---- Raw data

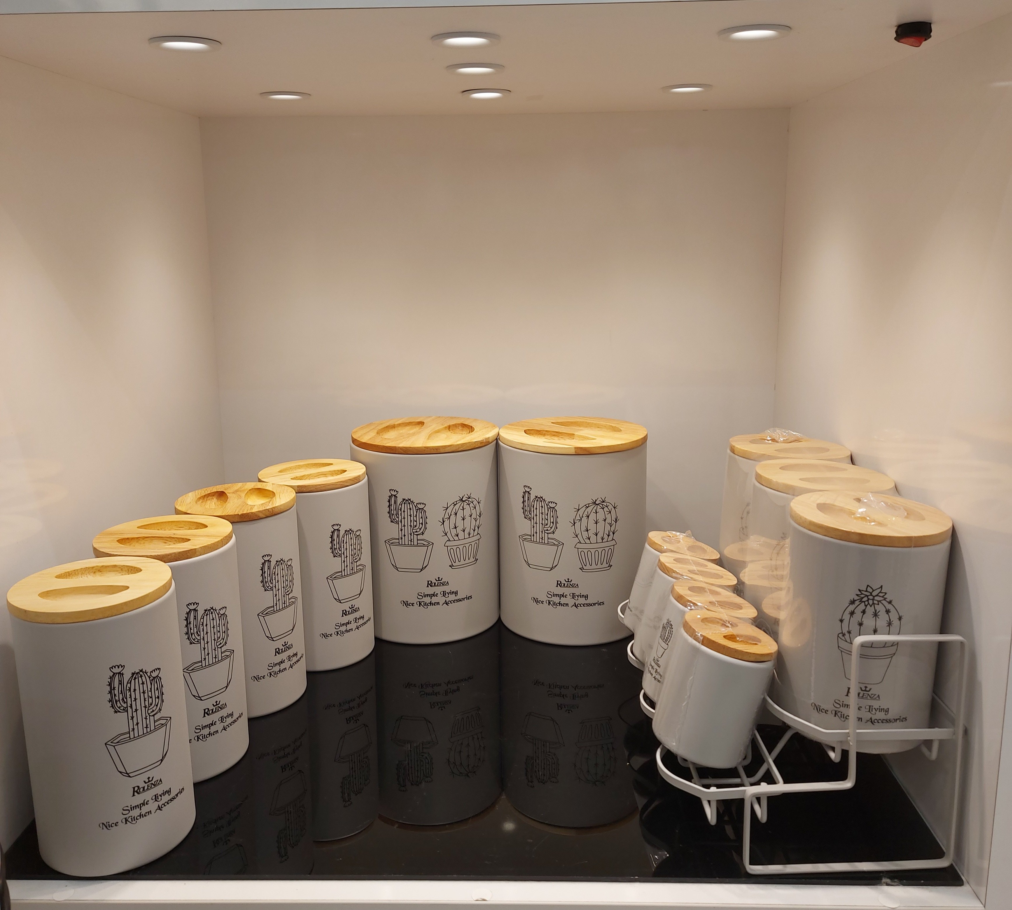 سرویس آشپزخانه ۱۶ پارچه طرح کاکتوس در رنگ های سفید و طوسی
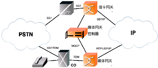 IP電話技術(shù)把話音、傳真數(shù)據(jù)和IP網(wǎng)絡(luò)無縫地集合到了一起。因特網(wǎng)工程任務(wù)組(IETF)已經(jīng)建議了一個(gè)功能模型,來橋接包交換的IP網(wǎng)和電路交換的PSTN,這些橋接設(shè)備就是:信令網(wǎng)關(guān)(SG)、媒體網(wǎng)關(guān)(MG)、和媒體網(wǎng)關(guān)控制器(MGC)。(請(qǐng)參看圖1)。MGC通常又被叫做軟交換,正如它的名字表達(dá)的意思一樣,MGC控制著媒體從電路交換領(lǐng)域經(jīng)過媒體網(wǎng)關(guān)的網(wǎng)絡(luò)傳送到基于包的領(lǐng)域。呼叫控制消息首先送達(dá)SS7信令網(wǎng)關(guān),轉(zhuǎn)換成網(wǎng)關(guān)網(wǎng)絡(luò)中的MGCP(媒體網(wǎng)關(guān)控制協(xié)議)來控制媒體流,完成呼叫的控制、接續(xù)。話音、傳真和圖象介質(zhì)都是從PSTN交換網(wǎng)通過這些新一代的媒體網(wǎng)關(guān)連接到IP網(wǎng)的。
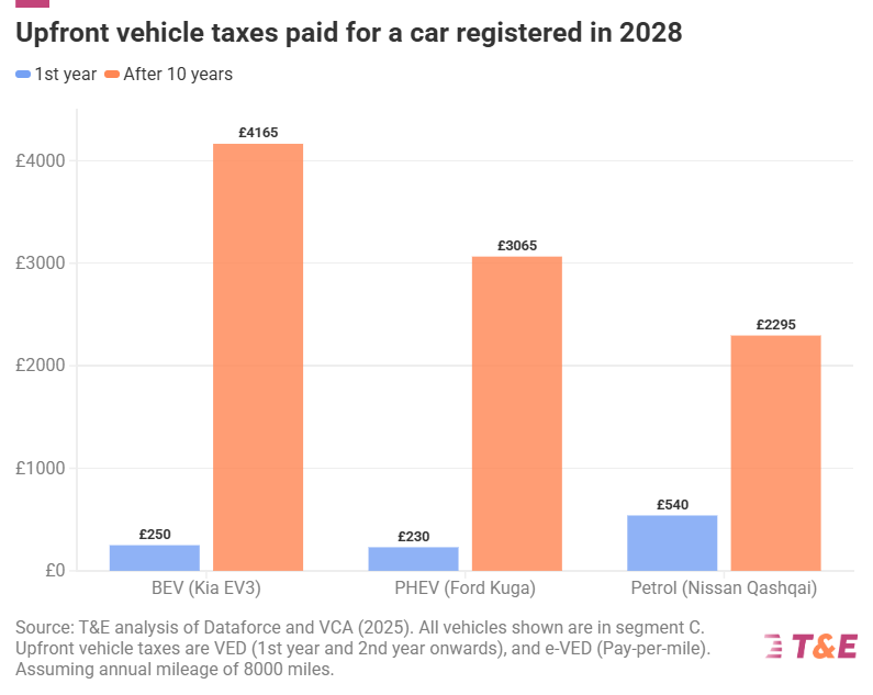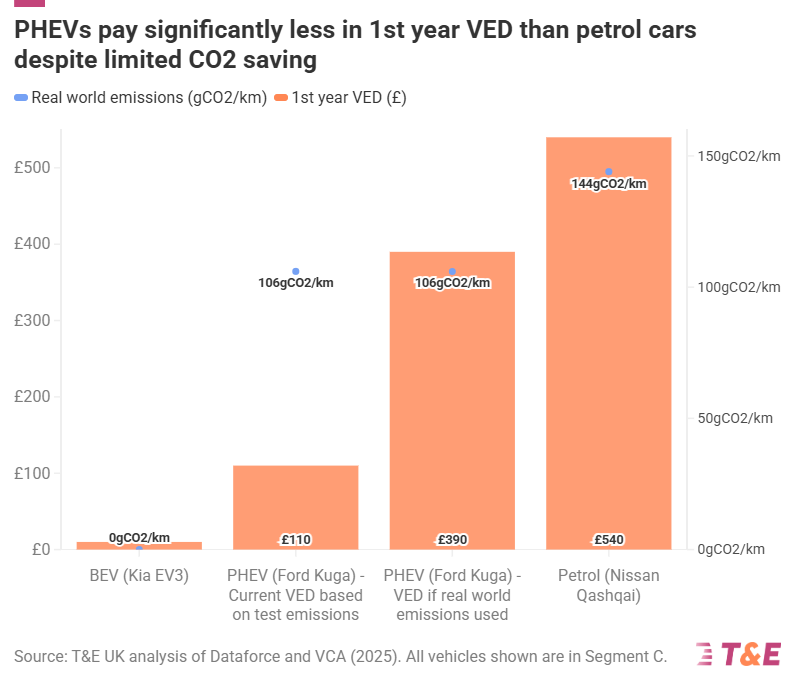 T&E UK warns that this imbalance compounded by outdated Vehicle Excise Duty (VED) rules that understate PHEV emissions sends the wrong signal to consumers and risks slowing the shift to fully electric cars.

--------

→ Problem to work on: Drop every picture from the data, then output all the rest exactly.

→ Final answer:
 سرویس آشپزخانه ۱۶ پارچه طرح کاکتوس در رنگ های سفید و طوسی
 IP電話技術(shù)把話音、傳真數(shù)據(jù)和IP網(wǎng)絡(luò)無縫地集合到了一起。因特網(wǎng)工程任務(wù)組(IETF)已經(jīng)建議了一個(gè)功能模型,來橋接包交換的IP網(wǎng)和電路交換的PSTN,這些橋接設(shè)備就是:信令網(wǎng)關(guān)(SG)、媒體網(wǎng)關(guān)(MG)、和媒體網(wǎng)關(guān)控制器(MGC)。(請(qǐng)參看圖1)。MGC通常又被叫做軟交換,正如它的名字表達(dá)的意思一樣,MGC控制著媒體從電路交換領(lǐng)域經(jīng)過媒體網(wǎng)關(guān)的網(wǎng)絡(luò)傳送到基于包的領(lǐng)域。呼叫控制消息首先送達(dá)SS7信令網(wǎng)關(guān),轉(zhuǎn)換成網(wǎng)關(guān)網(wǎng)絡(luò)中的MGCP(媒體網(wǎng)關(guān)控制協(xié)議)來控制媒體流,完成呼叫的控制、接續(xù)。話音、傳真和圖象介質(zhì)都是從PSTN交換網(wǎng)通過這些新一代的媒體網(wǎng)關(guān)連接到IP網(wǎng)的。
 T&E UK warns that this imbalance compounded by outdated Vehicle Excise Duty (VED) rules that understate PHEV emissions sends the wrong signal to consumers and risks slowing the shift to fully electric cars.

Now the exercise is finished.